A study of young adults aging out of foster care found many youth are not receiving independent living services needed to ease their transition.

The study involved 732 youth in three midwestern States who reached the age of 17 while in out-of-home care and spent at least 1 year in out-of-home care prior to turning 17. These individuals were followed through the age of 21. A recent report, Midwest Evaluation of the Adult Functioning of Former Foster Youth: Conditions of Youth Preparing to Leave State Care, describes findings from the first of three waves of data collection. Similar to other reports on children in foster care (see previous Children's Bureau Express articles: "Well-being of Children in Foster Care," March 2004; and "Youth Aging Out of Foster Care Face Uphill Climb to Adulthood," May 2003), these data showed foster youth face a variety of challenges, including:

  • Multiple placements
  • Educational difficulties
  • Legal problems
  • Mental health and behavioral problems

Despite such difficulties, the majority of these young adults reported being satisfied with their experience in out-of-home care and feeling very close to their current foster family.

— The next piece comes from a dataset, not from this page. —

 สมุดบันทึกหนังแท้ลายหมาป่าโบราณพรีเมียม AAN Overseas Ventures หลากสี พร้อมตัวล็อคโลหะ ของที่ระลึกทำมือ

Along with these indicators of well-being, the report examined whether young adults are receiving support services developed to aid in the transition to independent living. The first round of interviews found that between one-half and two-thirds of the young adults interviewed had received at least one independent living service in the following categories:

  • Educational support--60 percent
  • Employment/vocational support--68 percent
  • Budget and financial management services--56 percent
  • Housing services--52 percent
  • Health education services--69 percent
  • Youth development services--46 percent

Within each of the above categories, however, the numbers were much lower. For example, within educational support services, the numbers ranged from a high of 29 percent receiving college application assistance to a low of 9 percent receiving GED preparation services. Similarly, employment support services ranged from a high of 46 percent receiving help with completing job applications to a low of 10 percent receiving an internship. Additionally, very few of these young adults reported ever receiving an independent living subsidy (12 percent), while even fewer reported that they were currently receiving a subsidy (6 percent).

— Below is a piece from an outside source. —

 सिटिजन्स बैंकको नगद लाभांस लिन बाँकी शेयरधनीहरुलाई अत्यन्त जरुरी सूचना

These findings indicate that young adults who age out of foster care face a variety of challenges, and although many receive services to address mental health and education problems, relatively few receive specific independent living services. Future reports will focus on functioning after these youth leave out-of-home care. Together, these reports can inform States as they work to meet the purpose of the John Chafee Foster Care Independence Act of 1999.

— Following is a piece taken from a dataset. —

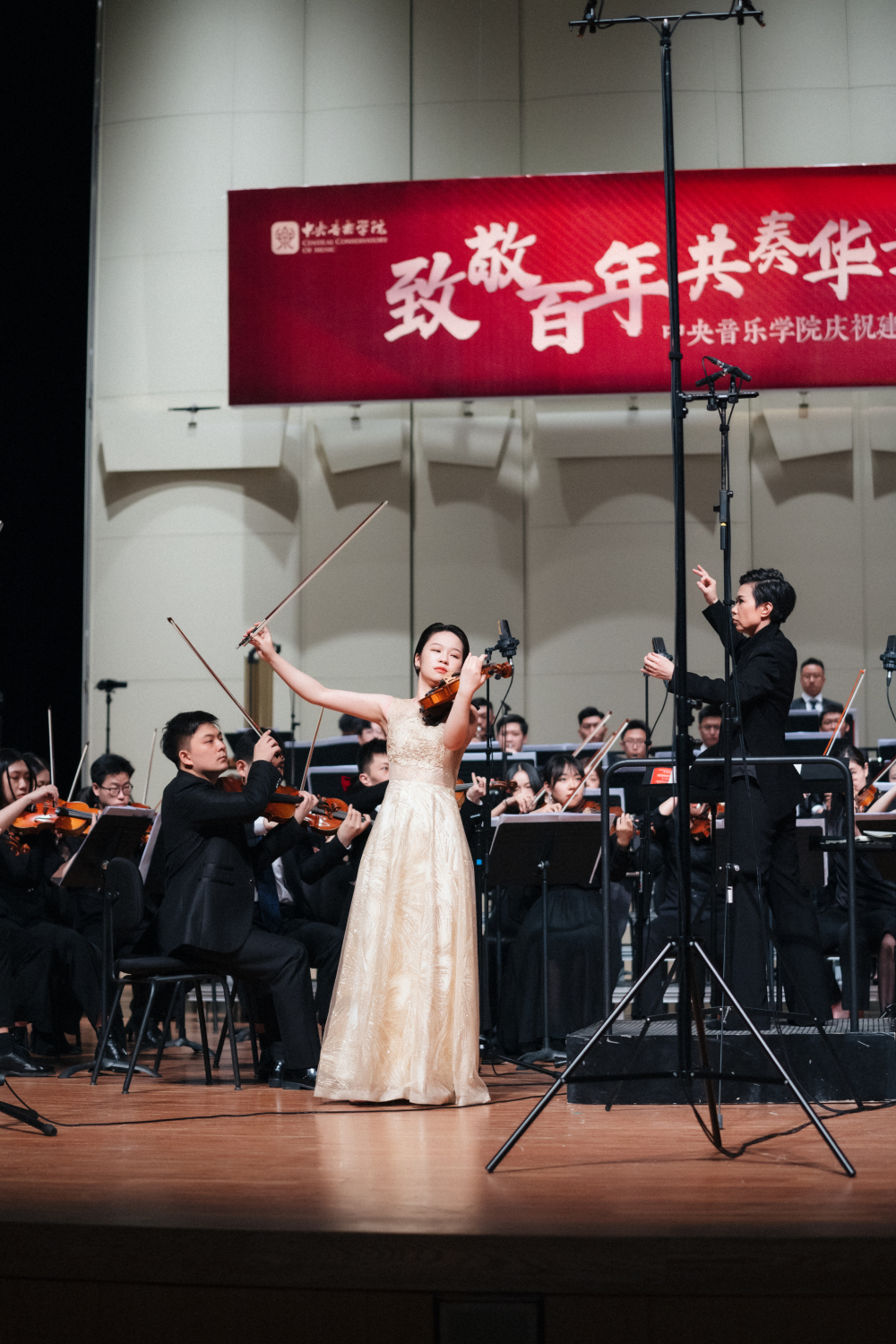6月7日的演出由KY开元集团官网指挥系系主任陈琳教授执棒、管弦系获奖师生与KY开元集团官网青年交响乐团共同为观众们带来管弦乐作品《青年交响曲》、《红旗颂》与《苗岭的早晨》《迎来春色换人间》《花儿为什么这样红》《阳光照耀着塔什库尔干》《金色的炉台》《红军哥哥回来了》6首小提琴独奏、圆号协奏曲《纪念》、弦乐四重奏《情深意长》等时代经典及新创作作品。

The complete report can be obtained from Chapin Hall Center for Children at www.chapinhall.org/research/report/midwest-evaluation-adult-functioning-former-foster-youth

Related Items

The following articles in previous issues of Children's Bureau Express also focus on the transition from foster care to independence:

  • "Supporting Successful Transitions for Youth" (November 2003)
  • "Journal Spotlights Transitioning Foster Youth" (May 2002)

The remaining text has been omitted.